The interesting thing was what the HFEA did next. In Sept. 2012, it launched a public consultation, creating a website that explained both the risks and benefits, and holding public events to do the same. Then it conducted a survey and asked people to send in their comments online. After the public had shown broad support for the therapy—and despite stiff opposition from scholarly groups and religious groups alike—the HFEA spent two years taking the necessary steps to get the regulations discussed in parliament. In February, MPs agreed to allow the use of the therapy under strict guidelines. In October, the process for handing out licenses began.
We already use genetic engineering to create climate-resistant crops and drug-producing bacteria. Now one of the world’s most scientifically advanced countries—and, fittingly, the birthplace of IVF—has agreed that genetically modified humans, too, are sometimes not just OK, but desirable. This is what makes 2015 an historic year.
Based on past progress, it is likely that genetic enhancements to humans will become a reality step by step. Just like mitochondrial replacement therapy, they will first appear for a very narrow purpose, such as curing single-gene disorders, and then, likely over many decades, we might reach the stage of creating those fabled designer babies.

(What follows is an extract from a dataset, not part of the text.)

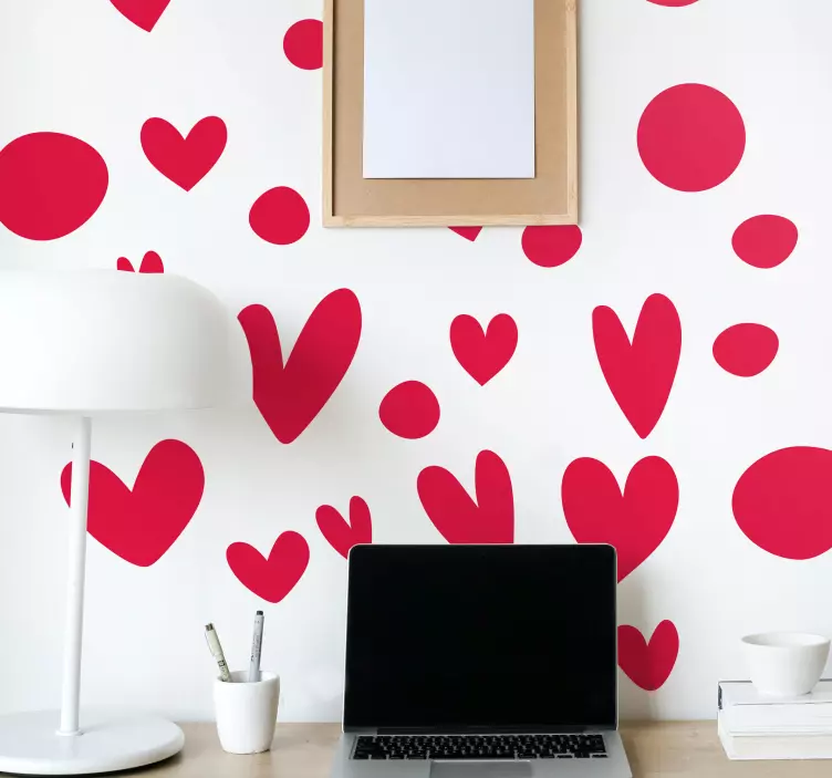 Découvrez notre magnifique Sticker amour formes de cœurs charmants, un design rempli de cœurs espiègles et de points colorés qui apportera une touche de romance à votre intérieur. Avec ses griffonnages délicats, cet ensemble décoratif s'intègre parfaitement dans n'importe quel espace, créant une atmosphère joyeuse et accueillante.

That gives us enough time to deliberate the implications of each step. When our decisions will affect generations of humans to come, it is important we use that time well. The process that HFEA designed to win public and political support is a model worth emulating. If each step were to get the same scrutiny that mitochondrial replacement therapy got, genetically modified humans could become as normal as genetically modified crops and bacteria are today—and, barring the occasional controversy, as widely accepted.
Corrected Dec. 23: An earlier version of this post incorrectly said that Sharon Saarinen’s nucleus was implanted in a donor’s egg. It also said that HFEA began handing out licenses in October, but in fact it then began the process of handing them out.